Step S2, circumferentially installing k groups of blade tip timing sensors on a rotor blade casing, and acquiring a time sequence of the rotor blade reaching the blade tip timing sensors;

step S3, calculating to obtain the vibration acceleration of the blade by using the time sequence and the installation angle of the blade tip timing sensor;

and a fourth step S4, obtaining the vibration frequency, amplitude and phase of the turbine blade at a constant rotating speed through a circumferential Fourier algorithm based on the blade tip vibration acceleration.

In the method, in a first step S1, the number m of the blade modes of the steam turbine is obtained through mode analysis, and the number k of the blade tip timing sensor groups is determined according to the number m of the blade modes.

In the method, the relationship between the number k of the blade tip timing sensor groups and the number m of the blade modes is k=3m.
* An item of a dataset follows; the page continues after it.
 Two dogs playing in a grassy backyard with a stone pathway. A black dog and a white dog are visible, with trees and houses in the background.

In the method, in the first step S1, the number of the tip timing sensors in each group is three, and the angular interval of the tip timing sensors in each group is less than 5 degrees.
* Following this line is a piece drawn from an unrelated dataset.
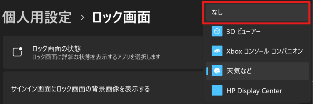 続いて、ロック画面に表示されている「天気など」の情報を消す方法です。
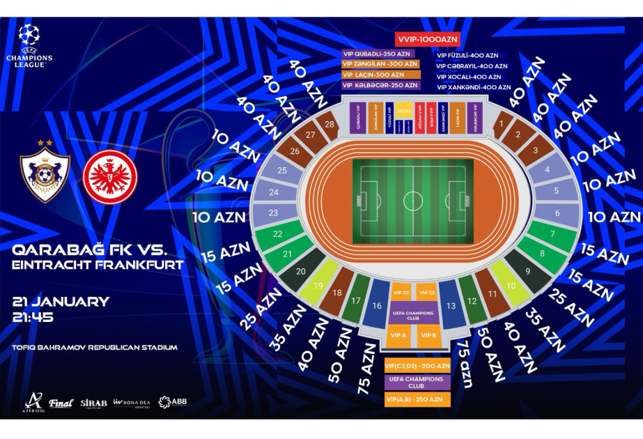 The price of tickets for fans who want to buy tickets for the VVIP C and VVIP D sectors and enjoy VIP Lounge privileges is 200, 250, 300, 400, and 1000 manats.

In the method, the preset working rotating speed of the steam turbine is 3000r/min.

In the method, an angle matrix of an nth-circle blade tip timing sensor is constructed according to the vibration mode parameters of the blade and the time sequence

wherein f_m The vibration frequency of m-order modes, m is the mode number, t _k,n Average of blade arrival times acquired for the kth group of tip timing sensors at the nth turn, where For the time acquired in the nth turn for the smaller angle of the kth group tip timing sensor, +.>Time acquired in the nth turn for the middle of the kth group tip timing sensor angle, +.>The time acquired at the nth turn is the one with the greatest angle of the kth group of tip timing sensors.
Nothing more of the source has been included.